3. Not Only for Long-Distance or Foreign Travel
During our conversation with Howell, TMR asked if Medjet only makes sense for clients going farther abroad. Do clients need it for a Caribbean cruise? What about a domestic vacation?
“I have so many testimonials from people who were put ashore in the Caribbean,” Howell told TMR. While cruise lines might try to keep a passenger onboard to get them to a hospital in the U.S., it doesn’t always work out that way.
And even if you wind up in Miami or Fort Lauderdale?
“If you’re from Omaha or Chicago, does your entire family disrupt their life to move to Miami to be with you, to be your patient advocate?”
Even if you’re in a city with some of the best healthcare, like New York City, the cost for a family member to be with you can be prohibitively expensive.
“If you were on a trip to New York and you got hospitalized in New York and your spouse came, that’s like $400 a night just for the hotel room. Then you’ve got food and taxis… There’s all these other expenses that add up.”
For less than the cost of one hotel night, a client could have their entire medical transfer back home covered.
4. No Time Limitation on Purchase
Medjet has a team of two dedicated to working with travel agencies, advisors, and consortia. The most common question they encounter, Howell said, is: at what point in the sales journey should they be bringing up the opportunity to purchase Medjet?
There is no single answer to this question, specifically because a Medjet membership does not have to be purchased within a certain timeframe of booking a trip. So long as your client is younger than 75, they can enroll up to the day before they leave.
Whether advisors want to bring it up when they bring up travel insurance in general or wait until closer to departure date is entirely up to them. Perhaps, your client wants to purchase their insurance right away, just in case they have to cancel, but wait until closer to departure to consider something like Medjet.
“Every advisor is different and their clients are different. Is this the one big trip so it’s a short-term membership or are they frequent travelers… There’s not really one educational pathway.”
With that said, Howell added she thinks the all-at-once approach is probably easiest. Even if the client doesn’t purchase it right away, advisors are already bringing up insurance and worst-case scenarios. Why not include being stuck in an inadequate hospital and mention Medjet?
5. Makes an Easy Client Gift
Howell told TMR she knows a Virtuoso travel advisor that purchases Medjet memberships as gifts for some of his clients. A short-term membership (ie, covering just one trip) costs as little as $99. A full-year membership starts at $315 — but that doesn’t include the travel advisor discount, which can be used for gifting.
The advisor she knows gives it to clients his who take two or three trips a year. It enriches his relationship with his clients, she said, because it shows he cares.

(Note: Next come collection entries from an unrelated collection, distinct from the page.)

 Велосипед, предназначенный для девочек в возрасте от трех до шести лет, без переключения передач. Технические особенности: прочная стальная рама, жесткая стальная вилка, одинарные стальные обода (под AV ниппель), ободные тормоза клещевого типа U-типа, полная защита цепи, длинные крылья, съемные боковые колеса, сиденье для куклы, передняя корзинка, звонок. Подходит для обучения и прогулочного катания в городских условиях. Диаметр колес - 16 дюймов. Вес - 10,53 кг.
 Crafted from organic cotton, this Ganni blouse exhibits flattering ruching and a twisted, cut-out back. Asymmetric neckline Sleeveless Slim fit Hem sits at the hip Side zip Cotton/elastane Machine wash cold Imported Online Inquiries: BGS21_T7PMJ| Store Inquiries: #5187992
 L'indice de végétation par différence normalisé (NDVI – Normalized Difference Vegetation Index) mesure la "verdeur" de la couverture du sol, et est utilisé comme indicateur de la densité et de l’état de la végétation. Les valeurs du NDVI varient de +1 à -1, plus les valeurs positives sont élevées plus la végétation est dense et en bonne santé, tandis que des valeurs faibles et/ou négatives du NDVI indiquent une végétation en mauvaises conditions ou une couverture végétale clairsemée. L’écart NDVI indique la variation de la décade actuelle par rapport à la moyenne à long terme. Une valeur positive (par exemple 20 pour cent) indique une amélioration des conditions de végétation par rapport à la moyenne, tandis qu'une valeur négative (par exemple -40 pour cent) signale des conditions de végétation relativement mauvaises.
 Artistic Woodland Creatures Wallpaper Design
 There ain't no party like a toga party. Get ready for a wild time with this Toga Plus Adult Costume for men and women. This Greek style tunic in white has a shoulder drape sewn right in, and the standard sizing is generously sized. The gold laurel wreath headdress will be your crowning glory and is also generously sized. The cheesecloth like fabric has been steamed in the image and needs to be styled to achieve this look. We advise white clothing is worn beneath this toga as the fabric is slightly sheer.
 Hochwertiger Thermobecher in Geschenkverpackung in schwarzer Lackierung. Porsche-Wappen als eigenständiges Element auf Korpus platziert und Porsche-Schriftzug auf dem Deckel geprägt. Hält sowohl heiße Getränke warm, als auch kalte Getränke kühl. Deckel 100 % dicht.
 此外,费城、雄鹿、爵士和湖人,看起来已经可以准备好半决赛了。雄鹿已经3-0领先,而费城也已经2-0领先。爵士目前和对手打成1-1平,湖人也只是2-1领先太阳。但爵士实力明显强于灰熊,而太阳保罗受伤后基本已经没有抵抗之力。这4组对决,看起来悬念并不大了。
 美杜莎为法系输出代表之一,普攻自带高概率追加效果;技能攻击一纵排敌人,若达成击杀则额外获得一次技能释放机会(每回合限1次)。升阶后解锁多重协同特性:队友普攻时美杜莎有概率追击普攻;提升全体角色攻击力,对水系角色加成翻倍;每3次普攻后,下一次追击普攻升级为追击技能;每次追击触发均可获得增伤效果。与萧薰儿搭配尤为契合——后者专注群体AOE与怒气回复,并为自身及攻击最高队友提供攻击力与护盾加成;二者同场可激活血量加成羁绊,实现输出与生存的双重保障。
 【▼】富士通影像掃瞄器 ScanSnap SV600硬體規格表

“He’ll never be in the position where he’s sold them the cruises, the travel insurance, and then something bad happens and they can’t get moved home because it’s not deemed ‘medically necessary,’” Howell said. “If it’s a really valuable client and you’re selling $20,000, $30,000 cruises and you’re making commission off of that, work out $300 bucks at the end of the year and put that person under protection for a year.”

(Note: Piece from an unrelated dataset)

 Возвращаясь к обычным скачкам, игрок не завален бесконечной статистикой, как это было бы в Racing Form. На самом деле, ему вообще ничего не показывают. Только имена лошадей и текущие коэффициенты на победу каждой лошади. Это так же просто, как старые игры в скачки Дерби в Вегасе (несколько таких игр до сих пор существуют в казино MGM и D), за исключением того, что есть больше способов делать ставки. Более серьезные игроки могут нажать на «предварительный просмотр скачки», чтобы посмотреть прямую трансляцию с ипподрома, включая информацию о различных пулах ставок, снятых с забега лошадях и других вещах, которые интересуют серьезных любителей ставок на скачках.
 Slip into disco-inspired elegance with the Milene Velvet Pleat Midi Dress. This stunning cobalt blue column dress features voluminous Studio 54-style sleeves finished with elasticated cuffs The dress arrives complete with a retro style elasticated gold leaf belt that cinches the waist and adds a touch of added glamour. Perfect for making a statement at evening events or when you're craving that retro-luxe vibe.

6. Check with Your Consortia
Currently, Howell told TRM she knows of preferred partner relationships with Virtuoso, Signature, and WESTA, but there may be others. (Virtuoso’s Matthew Upchurch is a strong advocate of Medjet after his own father had to be transferred from a hospital in India back to the U.S.) Double check with your consortia or Host if you’re unsure. Advisors and agencies do not need to be a member of a preferred consortia to work with Medjet.